## Data excerpt
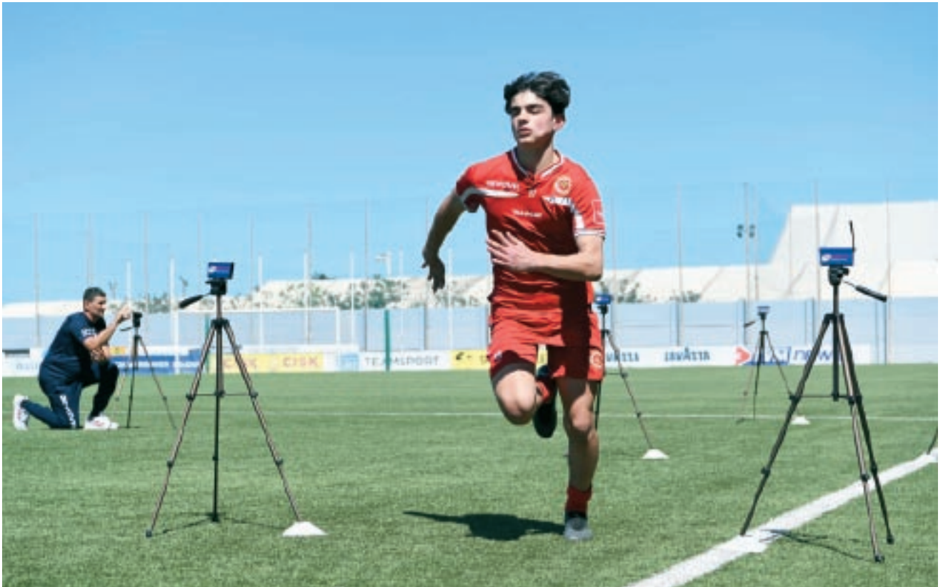
Il-Fitness Testing jirrappreżenta aspekk importanti ħafna fil-ħidma tad-Dipartiment tal-Performance.
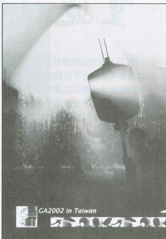
▲ Survival Guide 台灣一書之封底

有主辦國精心規劃的 Social Program，去年 A M 的 Social Program 是由 OC 活動部所負責，第一天的晚會是 Welcome Party，這天晚會的 program 有 Black Light Troupe、DJ and Dancing Time、而最特別的就是學生社團——北醫魔術社所表演的 Magic show。第二天的 Social Program 是 Lion's Out，也就是中國傳統的舞獅表演，接著就是 Outdoor Party。第三天的 Social Program 為 Higt in Height，是一場在台北的京華城所舉辦的 party。會期第四天的下午是 Day tour in Taipei，可以有三種選擇：故宮、陽明山國家公園或者九份，到了傍晚選擇三條不同路線的醫學生，會在福華渡假飯店的太平洋翡翠灣集合，夜色來臨時，在無垠的沙灘上放天燈，許下一個屬於自己心願。第五天的 Social Program 是 Sleepless in Taipei，這天最特別的是由 Staff 帶著外國的醫學生享受台灣多采多姿的夜生活——Pub、夜市、不打烊的誠品書店。第六天的 Social Program 是 Dancing with Fruit，透過這一個特別的舞會，讓外國的醫學生知道副熱帶的福爾摩沙是物產富饒的美麗之島。最後一天的 Social Program 是 National Drink Party，有人則戲稱這一晚是 Buring Night，這一晚你可以喝到各國特別的酒精飲料，當然也有少數國家提供了非酒精飲料，台灣

## What the exercise asks
Your reply should be an exact copy of every line from the line with "Survival Guide 台灣一書之封底" through the final line of the data, and nothing more.

## Solution for this exercise
▲ Survival Guide 台灣一書之封底

有主辦國精心規劃的 Social Program，去年 A M 的 Social Program 是由 OC 活動部所負責，第一天的晚會是 Welcome Party，這天晚會的 program 有 Black Light Troupe、DJ and Dancing Time、而最特別的就是學生社團——北醫魔術社所表演的 Magic show。第二天的 Social Program 是 Lion's Out，也就是中國傳統的舞獅表演，接著就是 Outdoor Party。第三天的 Social Program 為 Higt in Height，是一場在台北的京華城所舉辦的 party。會期第四天的下午是 Day tour in Taipei，可以有三種選擇：故宮、陽明山國家公園或者九份，到了傍晚選擇三條不同路線的醫學生，會在福華渡假飯店的太平洋翡翠灣集合，夜色來臨時，在無垠的沙灘上放天燈，許下一個屬於自己心願。第五天的 Social Program 是 Sleepless in Taipei，這天最特別的是由 Staff 帶著外國的醫學生享受台灣多采多姿的夜生活——Pub、夜市、不打烊的誠品書店。第六天的 Social Program 是 Dancing with Fruit，透過這一個特別的舞會，讓外國的醫學生知道副熱帶的福爾摩沙是物產富饒的美麗之島。最後一天的 Social Program 是 National Drink Party，有人則戲稱這一晚是 Buring Night，這一晚你可以喝到各國特別的酒精飲料，當然也有少數國家提供了非酒精飲料，台灣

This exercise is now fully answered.